— WHAT YOU WILL DO —
Starting from the line with "高校出前授業並びに高校説明会のお知らせ" and going up to and including the line with "工具。值得一提的是, Prettier 也有在线版本,在浏览器中也可格式化代码。", copy the listing below exactly. Leave all images out.

— DATA SECTION —
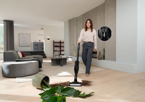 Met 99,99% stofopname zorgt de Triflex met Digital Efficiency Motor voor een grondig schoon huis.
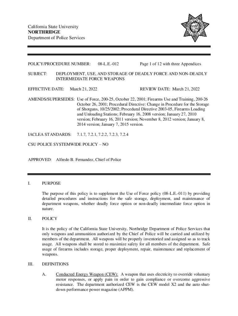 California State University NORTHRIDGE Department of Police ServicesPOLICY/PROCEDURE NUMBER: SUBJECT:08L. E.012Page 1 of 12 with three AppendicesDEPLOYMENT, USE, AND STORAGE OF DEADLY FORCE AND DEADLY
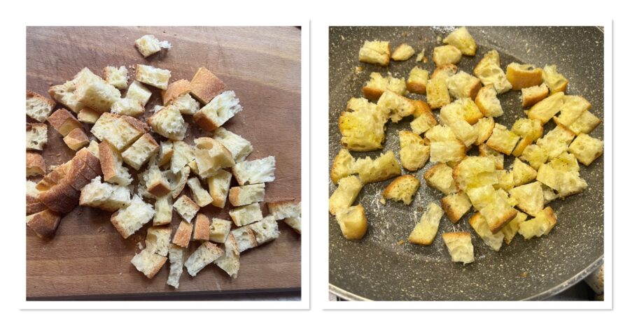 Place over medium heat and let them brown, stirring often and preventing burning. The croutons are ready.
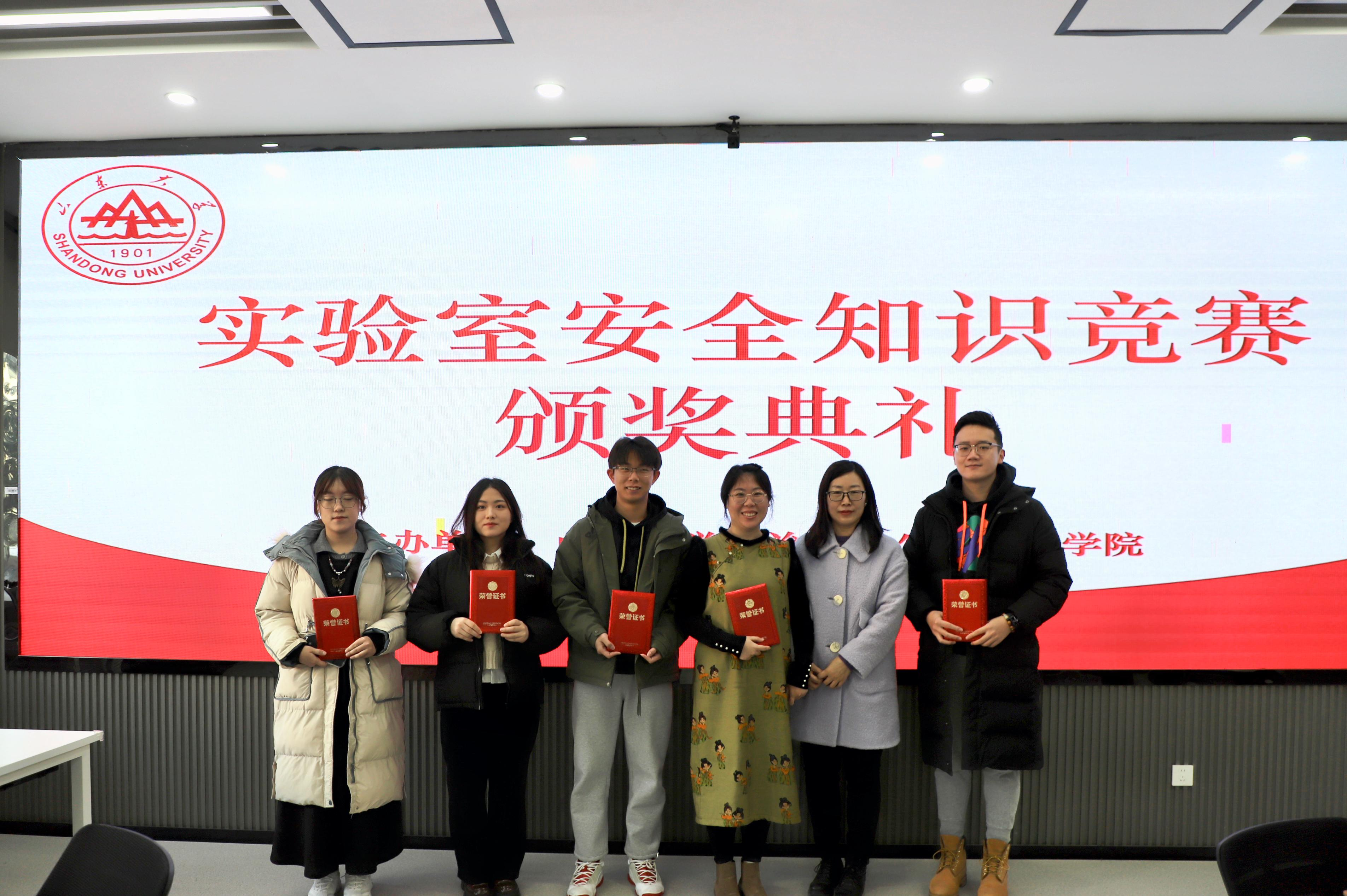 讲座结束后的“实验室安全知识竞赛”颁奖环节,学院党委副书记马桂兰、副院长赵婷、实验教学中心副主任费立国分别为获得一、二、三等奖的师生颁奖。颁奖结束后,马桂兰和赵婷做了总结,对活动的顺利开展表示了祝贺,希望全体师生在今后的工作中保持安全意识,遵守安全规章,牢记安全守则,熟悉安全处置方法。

--

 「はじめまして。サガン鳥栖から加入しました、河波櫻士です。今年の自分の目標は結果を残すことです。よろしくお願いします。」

==

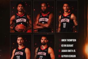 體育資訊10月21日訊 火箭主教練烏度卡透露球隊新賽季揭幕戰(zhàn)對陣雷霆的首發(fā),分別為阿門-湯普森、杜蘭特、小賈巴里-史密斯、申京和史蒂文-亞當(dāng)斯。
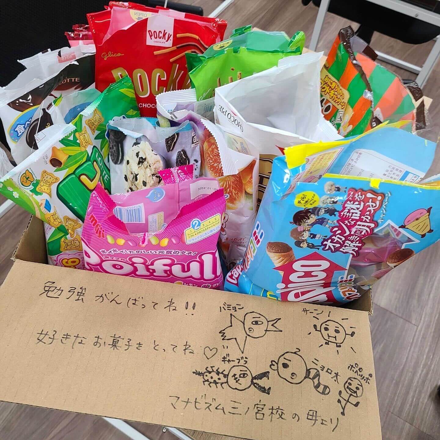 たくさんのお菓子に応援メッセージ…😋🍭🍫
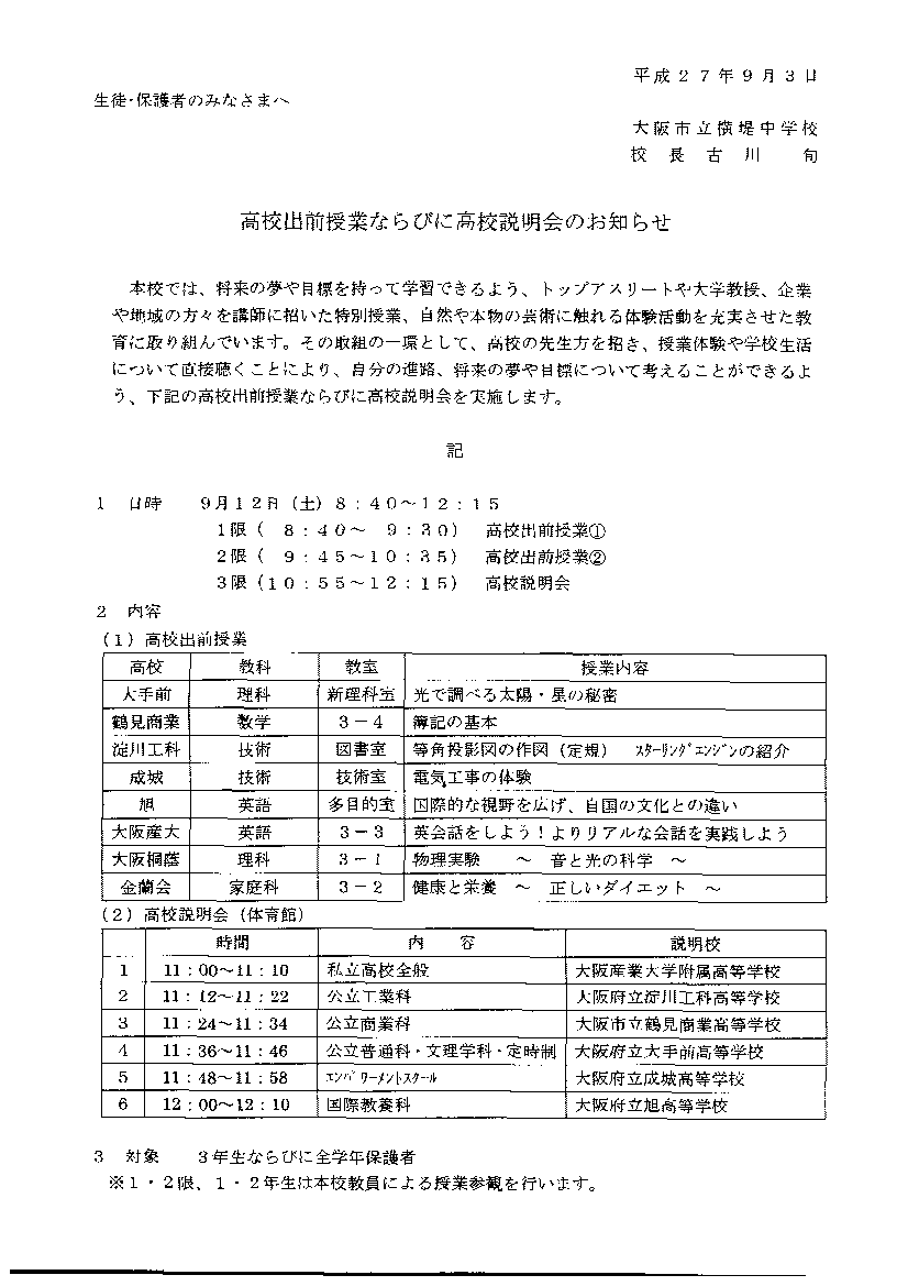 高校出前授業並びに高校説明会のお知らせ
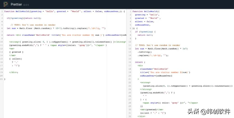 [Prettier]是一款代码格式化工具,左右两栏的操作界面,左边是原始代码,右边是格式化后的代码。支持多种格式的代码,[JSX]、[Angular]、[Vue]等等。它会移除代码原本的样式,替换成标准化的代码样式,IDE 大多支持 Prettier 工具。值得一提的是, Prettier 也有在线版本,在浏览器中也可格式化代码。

— EXERCISE SOLUTION —
 高校出前授業並びに高校説明会のお知らせ
 [Prettier]是一款代码格式化工具,左右两栏的操作界面,左边是原始代码,右边是格式化后的代码。支持多种格式的代码,[JSX]、[Angular]、[Vue]等等。它会移除代码原本的样式,替换成标准化的代码样式,IDE 大多支持 Prettier 工具。值得一提的是, Prettier 也有在线版本,在浏览器中也可格式化代码。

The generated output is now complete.